Profiling the GDST’s Alumna of the Year 2018

Profiling the GDST’s Alumna of the Year 2018

Dr Nirupa Murugaesu is at the forefront of an innovative and groundbreaking project to sequence the DNA codes of patients with cancer and rare diseases and to better understand those conditions and transform the way patients are cared for.

Nirupa is the Clinical Lead for Molecular Oncology of the 100,000 Genomes Project – announced by former Prime Minister David Cameron in 2012 as part of the Olympic legacy, and the largest national sequencing project of its kind in the world.

The project involves sequencing the DNA codes of cancer patients and analysing the genome of a tumour to inform doctors and clinicians about the behaviour of that tumour and how a patient could be treated. It allows treatment to be tailored to the individual based on their genetics.

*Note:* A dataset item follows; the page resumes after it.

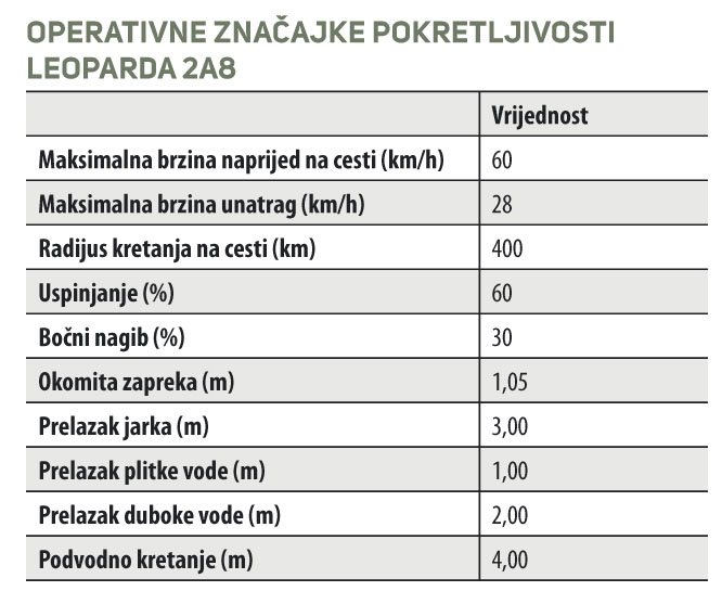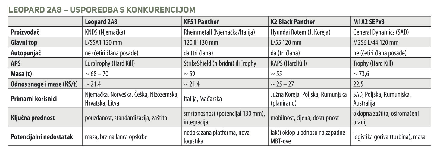 Integracija sustava Trophy APS, potpuno digitalizirana arhitektura, velika vatrena moć i operativna sposobnost za Arktik čine Leopard 2A8 referentnim standardom za treću plus generaciju glavnih borbenih tenkova. U kontekstu hibridnih prijetnji, ratovanja dronovima i protutenkovskih oružja vođenih tehnologijom fire-and-forget, aktivna zaštita i svijest o situaciji nisu luksuz, nego nužnost za preživljavanje na suvremenom bojištu. Ukratko, Leopard 2A8 most je između analognog sustava iz hladnog rata i potpuno digitaliziranog i umjetnom inteligencijom potpomognutog ratovanja iz sredine XXI. stoljeća.

Nirupa explains: “Many cancers are crudely labelled by where in the body they occur. By better understanding the genomic make-up of cancers, we can better select those patients that might benefit from a particular type of treatment. It may also give us a better understanding of whether the tumour is likely to behave in a more or less aggressive manner.”

“The development of the genomics industry in the last ten years has been groundbreaking.”


The first human genome was sequenced in 2000 through the Human Genome Project. It cost $3 billion and took more than ten years to sequence one genome. That work can now be done in one day, with results being interpreted and returned to hospitals within a week.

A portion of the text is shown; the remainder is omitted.